Summary of TIBP- and LWP-specific and predominant SNPs. (A) A Venn diagram illustrating the overlap of genes among candidate genes, DEGs, and DEPs; (B) and (C) the chromosomal distribution of TIBP- and LWP-specific and predominant SNPs found within DEGs and DEPs; and (D)–(G) the counts of SNPs with ΔAF ranging from 0.5 to 1.0 for TIBP- and LWP-specific and predominant SNPs harbored by DEGs and DEPs. TIBP, Tibetan pig; LWP, Large White pig; SNPs, single nucleotide polymorphism; DEGs, differentially expressed genes; DEPs, differentially expressed proteins; AF, allele frequency differences.
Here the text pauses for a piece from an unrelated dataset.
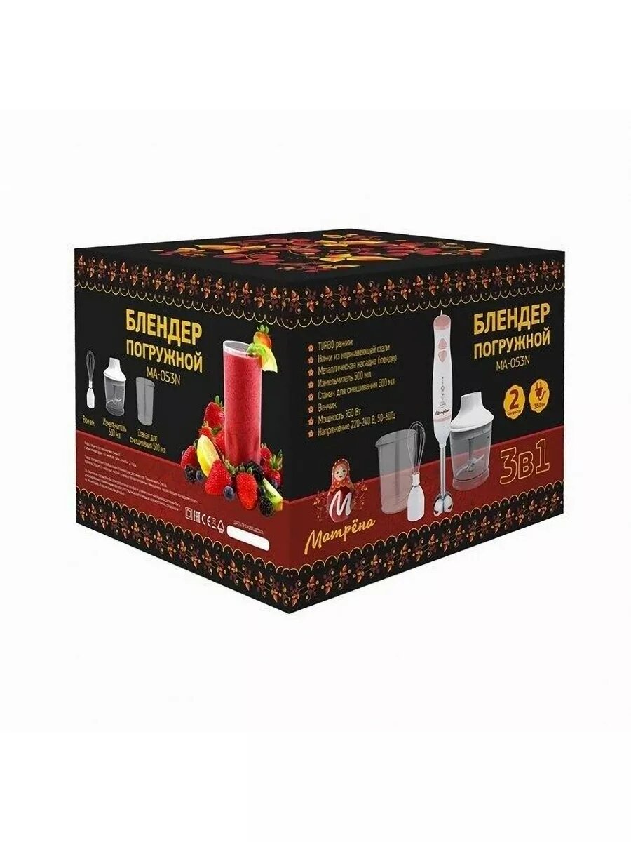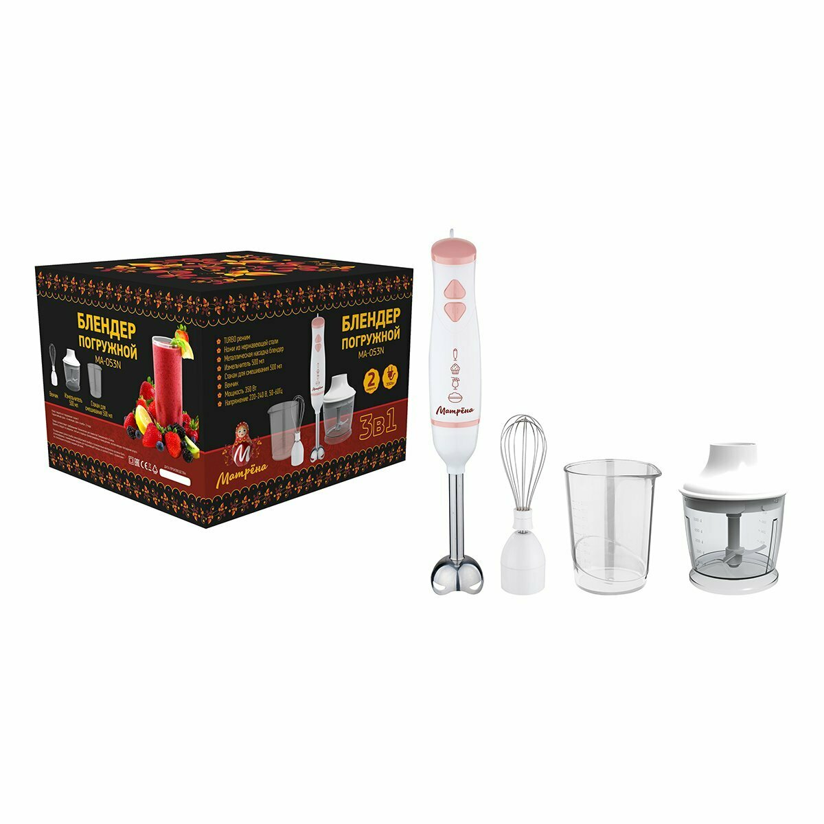 Купить Блендер погружной матрёна МА-053N, 350Вт, 2 скорости, измельчитель, стакан для смешивания, венчик

Investigation of SNPs in DEGs related to skeletal muscle development

We conducted a GO enrichment analysis of the overlapping DEGs to investigate SNPs present in the DEGs associated with skeletal muscle growth. This analysis revealed that 3,499 overlapping genes were significantly enriched in 1,481 biological processes, 246 cell components, and 151 molecular functions (Supplementary Table S1). Focusing specifically on skeletal muscle development, a type of striated muscle, we focused on the biological processes relevant to this area. We identified seven striated muscle biological process-related GO terms, encompassing striated muscle cell differentiation, development, tissue development, contraction, adaptation, hypertrophy, and negative regulation of muscle contraction. Among these categories, 145 genes were identified, including a significant number of SNPs: 5,983 TIBP-specific and 16,894 predominant SNPs, along with 433 LWP-specific and 7,072 predominant SNPs (Supplementary Table S2). These SNPs were classified into 13 distinct types, including missense, synonymous, 5′ prime untranslated regions (UTR), and 3′ prime UTR variations. The majority of these SNP were variations in the intronic region, accounting for 66.2% of the total. Supplementary Table S3 presents a detailed breakdown of each SNP type, providing a thorough understanding of the SNP landscape in DEGs associated with skeletal muscle development.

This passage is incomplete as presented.